Gilbert Doctorow est le coordinateur européen de l'American Committee for East West Accord, Ltd. Son dernier livre La Russie a-t-elle un avenir ? (août 2015) est disponible en livre de poche et en livre électronique sur Amazon.com et sur les sites Web affiliés. Pour des dons destinés à soutenir les activités européennes d’ACEWA, écrivez à [email protected]. © Gilbert Doctorow, 2016

7 commentaires pour “Derrière le remaniement du leadership ukrainien »

  1. Avril 13, 2016 à 22: 48

    Ou comment la petite Hollande a mis le doigt dans la digue et a stoppé le maelström de la Troisième Guerre mondiale….

  2. Avril 13, 2016 à 22: 42

    Ou comment la petite Hollande a mis son doigt dans le duc et a stoppé le maelström de la Troisième Guerre mondiale……. !!!!!

  3. Évangéliste
    Avril 13, 2016 à 19: 38

    Rendre le terme « remaniement » au pluriel, de sorte que la question est de savoir ce qu'il y a « derrière les remaniements de leadership en Ukraine », appelle une réponse qui semble être la véritable réponse : mettre l'Ukraine en faillite. Tous les « prêts » ont afflué en Ukraine, en particulier depuis l'installation du gouvernement post-Maïdan, parallèlement à la destruction totale des infrastructures du pays, et la plupart des prêts ont été consacrés aux dépenses militaires, pour tenter de réprimer le soulèvement populaire dans le pays. l’Est, où se trouvent des mines et des industries de grande valeur, garantit que la nation ne sera pas en mesure de rembourser, ni même de rembourser (payer les intérêts) les prêts. La faillite est inévitable.

    En cas de faillite, les prêteurs, les créanciers, pourront obtenir la propriété de territoires ukrainiens en lieu et place de remboursements. Les éléments de l'Ukraine « souveraine » qu'ils recevront pourront être vendus à des acheteurs, dont beaucoup sont de grandes sociétés agricoles, dont le désir a été et est toujours d'acquérir le contrôle des terres et des ressources ukrainiennes.

    Comme l'actuel ministre des Finances (américain) de l'Ukraine l'aurait assuré au peuple ukrainien, celui-ci n'a pas à se soucier de la dette nationale, qui n'a rien à voir avec lui. Cela signifie, bien sûr, que le peuple ukrainien ne possède plus rien de l’Ukraine. Ils seront comme des puces sur un chien lorsque celui-ci sera vendu.
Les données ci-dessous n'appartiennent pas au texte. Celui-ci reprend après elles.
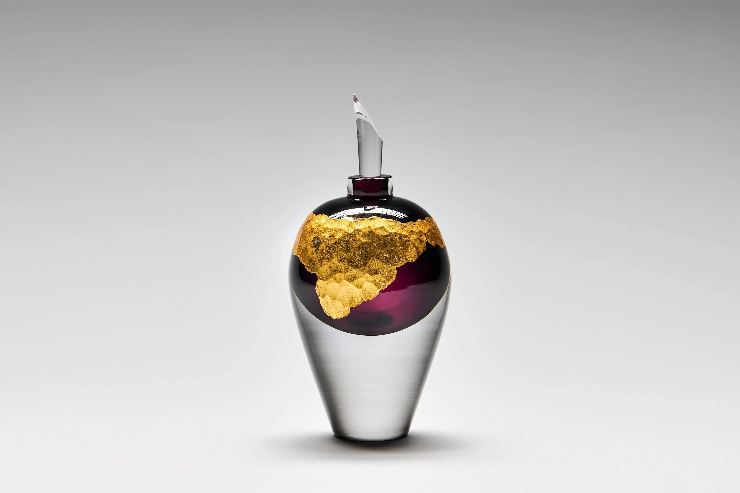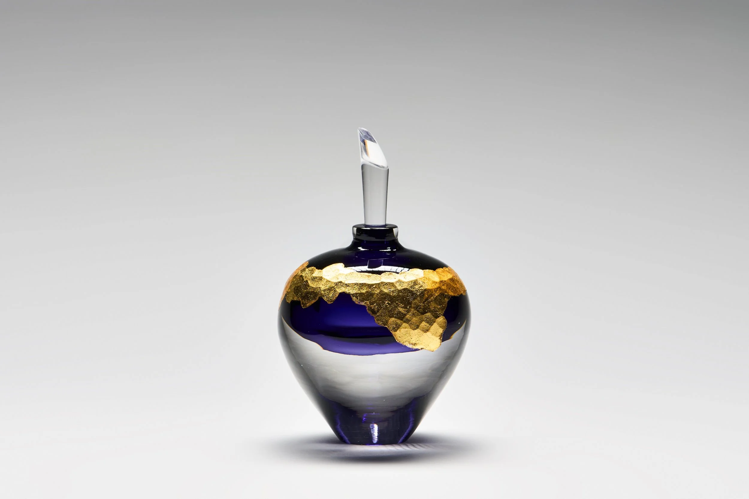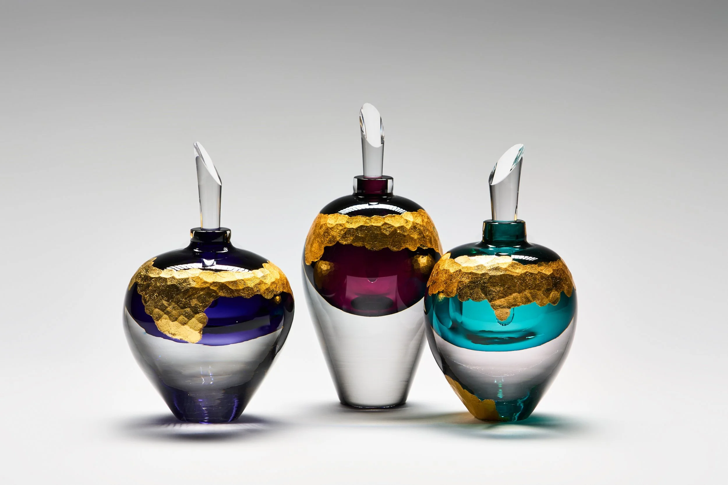 Aurum calls back to the ancient practice of alchemy and the desire to create gold from base metals. These pieces play on the fact that in glass, metals like iron, tin or cobalt are combined with the raw glass to produce a multitude of vibrant colours. The outside of the pieces are then gilded over a battutoed surface with gold leaf to evoke the look of hammered or planished metal. The vial-like shapes gesture to the assortment of vessels that alchemists used in pursuit of their impossible science. Each piece entwines the base with the precious in alchemical beauty.

Si les nouveaux propriétaires internationaux donnent un bain aux puces à leurs chiens, ou à des parties du chien ukrainien, c'est « sur la route », après la faillite, les enchères et les reventes.

  4. Dieter Heymann
    Avril 13, 2016 à 07: 37

    Le gouvernement néerlandais n'a pas encore rejeté l'association. Cependant, les initiés prédisent que ce sera le cas à terme.

  5. Avril 13, 2016 à 06: 23

    @Antiwar7

    Voici juste un des nombreux liens de ce type : https://consortiumnews.com/2016/01/06/reality-peeks-through-in-ukraine/

  6. Anti-guerre7
    Avril 12, 2016 à 10: 16

    Est-il vrai que l’accord initial entre l’UE et l’Ukraine, avant le coup d’État, était exclusif et empêchait des liens étroits avec la Russie ? Alors que la proposition russe n'était pas exclusive ?

    Si oui, quelqu'un a-t-il des liens corroborant cela ?

  7. Bill Bodden
    Avril 11, 2016 à 13: 01

    Cela semble être une autre « success story » néoconservatrice qui peut être ajoutée au curriculum vitae d'Hillary Clinton.